Esse, é o diabo do grupo
que pergunta
que dúvida
que diz não sei

onde: errar é aprender.
que ri, que briga,
que teve medo, limites, fraquezas, que tem coragem
que chora, que come e vive junto.
onde muitas vezes construindo sua competência é invadido por forte sentimento de incompetência.
que corre riscos para conhecer o outro e a si mesmo.
que corre riscos NEGANDO A OMISSÃO autoritária e aprende a assumir o que pensa, o que diz, o que faz.
que busca a construção permanente da disciplina intelectual educando a imaginação, o sonho, no dia-a-dia junto com os outros, a paixão de conhecer, aprende, ensinar e educar.


Vida de grupo

1. Vida de grupo tem:
- Alegria, riso aberto, contentamento, folia, concentração.
- Medo, dor, choro, conflito, perdição, desequilíbrio, hipótese falsa, pânico.
- Entendimento, diferenças, desentendimento, briga, busca, conforto.
- Silêncios, fala escondida, berro, fala oca, fria, fala mansa.
- Generosidade, escuta, olhar atento, pedido de colo.
- Ódio, decepção, raiva, recusa, desilusão.
- Amor, bem querer, gratidão, afago, gesto amigo de oferta.

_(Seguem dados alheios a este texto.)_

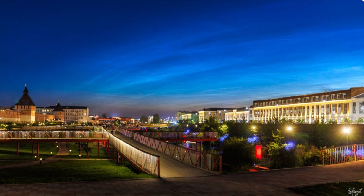 Есть редкие вечера, когда город будто замирает и начинает дышать в унисон с небом. Один из таких волшебных вечеров выдался на днях — над Тулой простерлись серебристые облака. А фотографу Илье Гарбузову удалось их запечатлеть. Они не просто украсили ночное небо — они стали настоящим небесным спектаклем, который лучше всего смотреть с первых рядов. А такие места в нашем городе, по счастью, есть. Серебристые облака — это самые высокие облака на Земле. Они формируются на высоте около 80–85 километров, в мезосфере, и состоят из крошечных кристаллов льда. Их видно только в период с конца мая по начало августа, в основном на широтах от 50° до 70°. Для нас, туляков, это не самое редкое, но всё равно — завораживающее зрелище. Лучшее место, чтобы наблюдать за этим — исторический центр Тулы. Кремль, Казанская набережная, и правый берег Упы. Именно отсюда открывается нужный северо-западный горизонт, именно отсюда облака кажутся особенно объёмными и как бы… живыми. И именно здесь можно соединить в

2. Vida de grupo tem vários sabore
s
- Quente, frio, no ponto.
- Doce? melado? cheiro de hortelã?
- Castanha, chocolate, perfume de canela.
- Salgado? Gelado, cheiro de maçã?
- Palmito, frango, damasco.
- Perfumes vindo da janela, lembrando o cheiro da vida vivida, gosto de hortelã.

3. Vida de grupo dá muita ansiedade,

quando não recebo o produto do conhecimento mastigado, pronto, pelo educador.

Ele faz mediações com o objeto a conhecer, e se eu,saindo com meu reboliço, meu furacão interno (uterino?), minhas frustrações, ansiedades, POSSO CONSTRUIR, no meu silêncio-fala interna, minha sistematização. Depois, novamente voltando ao grupo, posso checa-lo, provocando um aprofundamento da mesma, ou não...

4. Vida em grupo dá muita frustração
Porque, enquanto educando, tenho de romper com meu acomodamento quieto, autoritário... esperando “as ordens” do educador... e quando elas não vêm, descubro que SÓ EU posso LUTAR – CONQUISTAR, CONSTRUIR, meu ESPAÇO...

O educador pode possibilitar o rompimento da quietude, mas NÃO A AÇÃO DO CONSTRUIR, do conhecer. Essa, só o educando pode.

5. Vida de grupo dá muito medo

Porque através do outro constato que sou “dono” do meu saber (e do meu não saber). Sou dono de minha incompetência, e portanto, RESPONSÁVEL pela minha BUSCA-PROCURA de conhecer, de construir minha competência.

6. Vida de grupo dá desânimo

Porque em muitas situações nos confrontamos com o caos: acúmulo de temas, processos de adaptação, hipóteses heterogêneas.

Caos criador que nos demanda nova re-estruturação –organização. Procura da forma original própria e única adequada ao novo momento.

Vida de grupo (ah!... vida de grupo...)

7. Vida de grupo dá muito trabalho e muito prazer
Porque eu não construo nada sozinho; tropeço a cada instante com os limites do outro e os meus próprios, na construção da vida, do conhecimento, da nossa história.